個人情報持ち出し管理簿には、納品(一方通行)で返却がない場合も記載が必要ですか?
重要資産持ち出し簿には、今のところ個人情報の有無に関わらずノートパソコンやメモリースティックの持ち出しと返却を記載しております。
この他に、プログラムやデータを納品する際、CD-ROMを一方通行で持ち出す場合があります。
場合によっては、個人情報が含まれることもあります、これらについても持ち出し簿に記載しないといけないのでしょうか?
1)CD-ROMも個人情報を含む場合のみ必要
2)CD-ROMも全ての場合のみ必要
3)不要
1)or2)の場合、一方通行で返却日が無いので空欄で運用となると考えております。
納品に伴うCD-ROMの持ち出し管理は、実務と規程の整合性に悩むケースが多い部分ですね。
結論から申し上げますと、貴社の最新規程に照らし合わせると、正解は「1)個人情報を含む場合のみ、持ち出し管理が必要」となります。
ただし、運用面や審査対策の観点から、以下の3つのポイントに注意して対応することをお勧めいたします。
1. 管理の対象となる「判断基準」
貴社の規程では、「個人情報が保存されている媒体」を管理の対象としています。
- 個人情報を含む場合:
納品用CD-ROMであっても、「個人情報持ち出し管理台帳」への記録と、責任者の許可が必須です。 - 個人情報を含まない場合(プログラム等):
規程上は持ち出し管理の対象外ですが、社内の重要資産(機密情報)として別途管理されている場合は、そちらの規程に従ってください。
2. 「返却がない(一方通行)」場合の運用テクニック
ご質問の通り、納品の場合は「返却日」がありません。しかし、台帳の返却欄を単に「空欄」のままにしておくと、審査において「返却し忘れなのか、未完了のタスクなのか」が判別できず、不備として指摘されるリスクがあります。
【おすすめの運用方法】
返却日の欄を空欄にするのではなく、以下のような記述で「管理が完結していること」を明示してください。

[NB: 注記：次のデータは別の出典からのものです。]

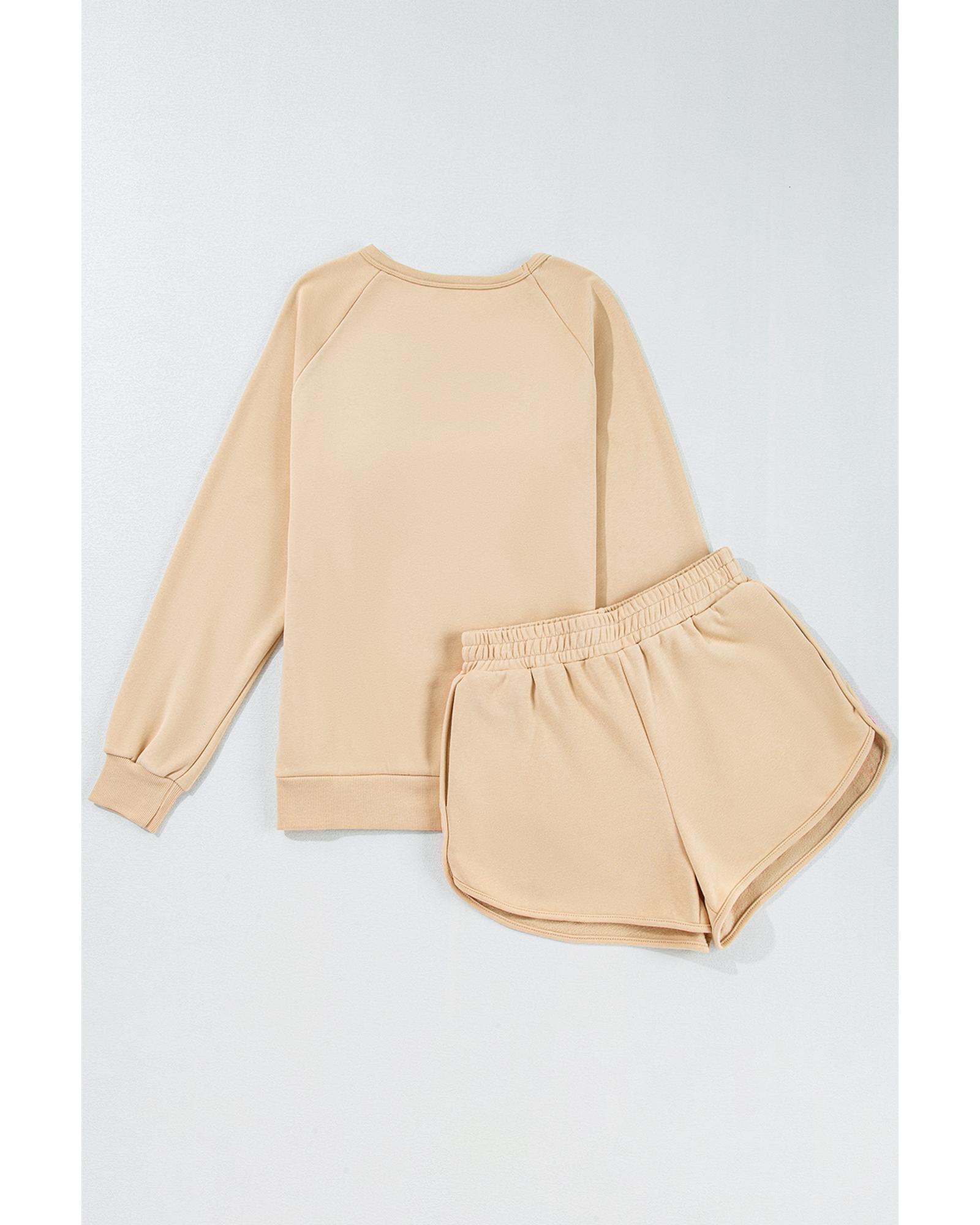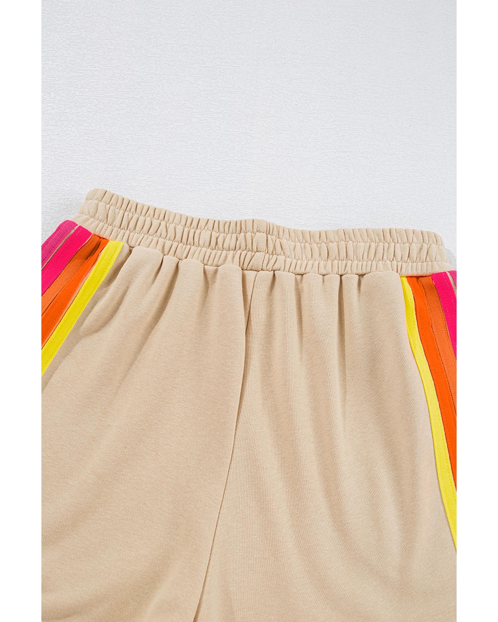 Apricot Striped Accent Pullover and Shorts Two Piece Casual Set – M
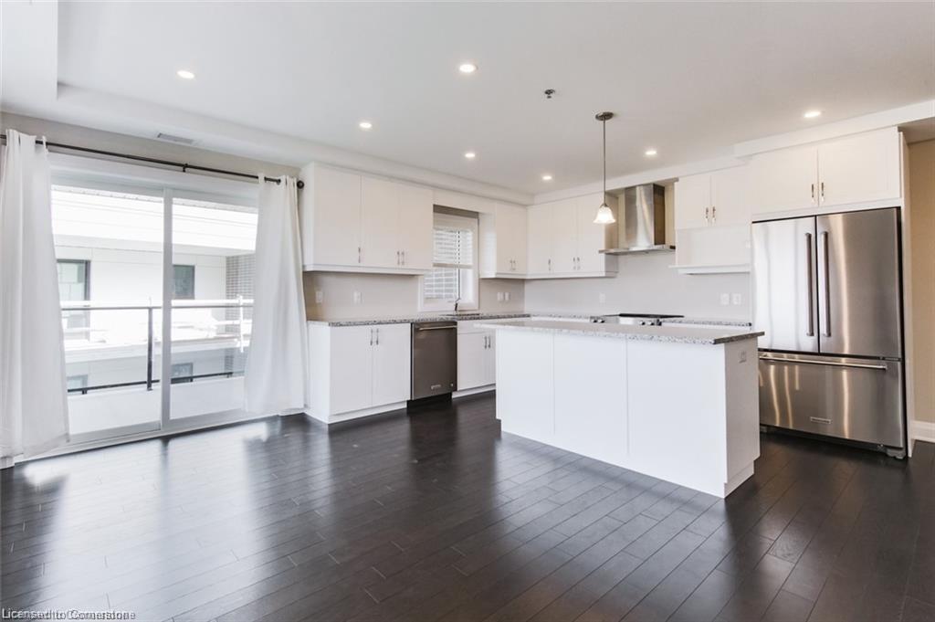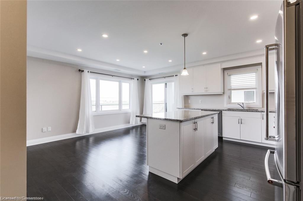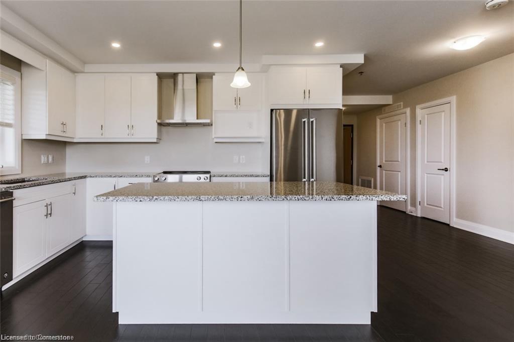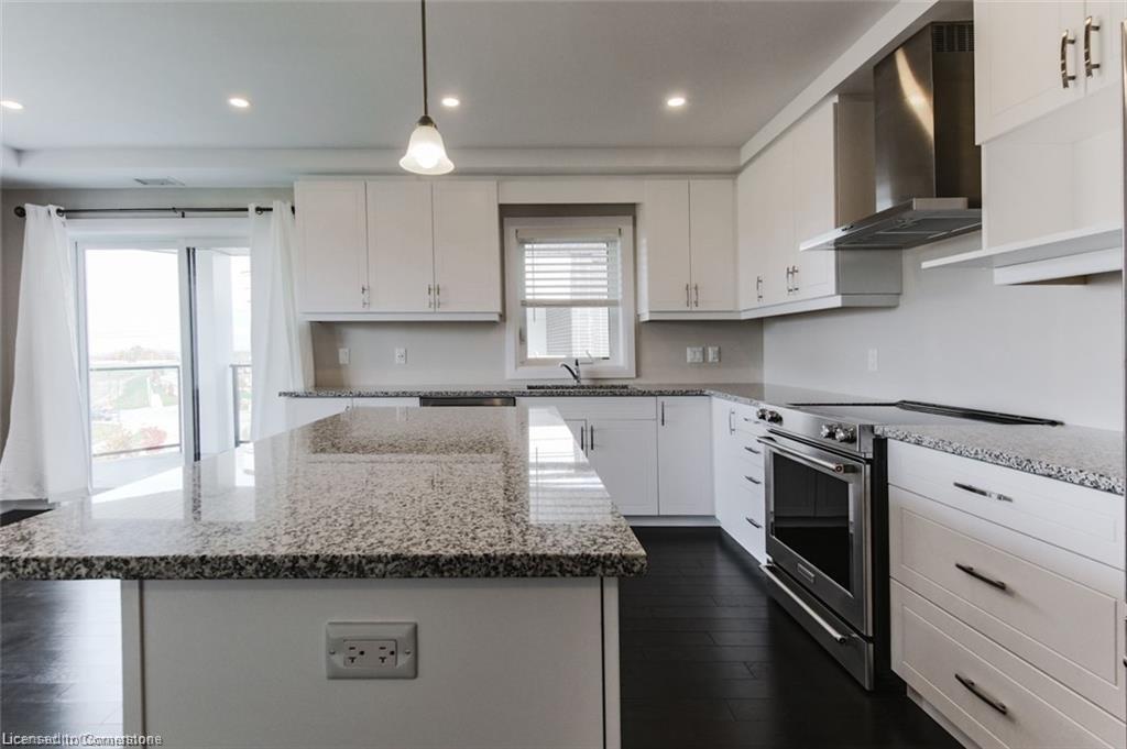 Welcome to 406-245 GREY SILO. There are 2 Parking Spots! This Unique Penthouse is located in the highly sought after Trailside of Grey Silo. Starting at the front foyer this area is tied together seamlessly by beautiful dark hardwood floors. The contrasting upgraded white kitchen has a large granite top island and ample cupboards, an upgraded GRANITE SINK and upgraded stainless steel appliances and soft close drawers. The large wrap around covered balcony overlooks the most peaceful scenery of the countryside and is positioned so that you can watch the sunrise and sunset. Each room has large windows which floods the unit with natural light. There are 2 large bedrooms and 2 full baths and so much storage which is hard to find in condo lifestyle living. For the outdoor enthusiast--run, walk or bike THE WALTER BEAN TRAIL, GOLF AT THE GREY SILO GOLF COURSE, and you are just a short drive to the St Jacob's Market. The amenities included breath taking views from the roof top GARDEN which has a BARBEQUE AREA and SEATING AREA. This unit comes with 2 ASSIGNED PARKING SPOTS, one underground and one surface. THE DOUBLE STORAGE UNIT IS AMAZING! Don't miss this opportunity to Live and Relax at the TRAILSIDE OF GREY SILO. TENANTS are responsible for: gas, water and hydro, internet and tenant insurance.

- 返却日欄に「〇月〇日 納品(提供)」や「廃棄(顧客先)」と記入する。
- または、備考欄に「顧客への提供のため返却なし」と一筆添える。
これにより、第三者が見ても「この持ち出しは完了している」ことが一目で分かり、記述漏れを疑われる心配がなくなります。
3. 月1回の「所在確認」への対応
最新の規程(サンプル文書)では、例えとして「業務の責任者は原則月1回(月末)に所在の確認を行う」というステップが規定されています。
CD-ROMを納品(提供)した場合は、手元には残っていないはずですので、月末の確認時には「すでに提供済み(在庫なし)」として整合性が取れている必要があります。台帳に「納品済み」と書かれていれば、この所在確認もスムーズに進みます。
まとめ
「個人情報が含まれる媒体」を外に出すという行為は、たとえ納品であっても紛失や誤送付のリスクを伴います。
「記録を残すこと」は手間かもしれませんが、万が一、納品途中で紛失事故が起きた際に、「誰の許可を得て、いつ持ち出したか」が証明できることは、会社と担当者様自身を守ることにつながります。
お手元の「個人情報持ち出し管理台帳」に、ぜひ「納品」というステータスを活用して記録を残すようにしてください。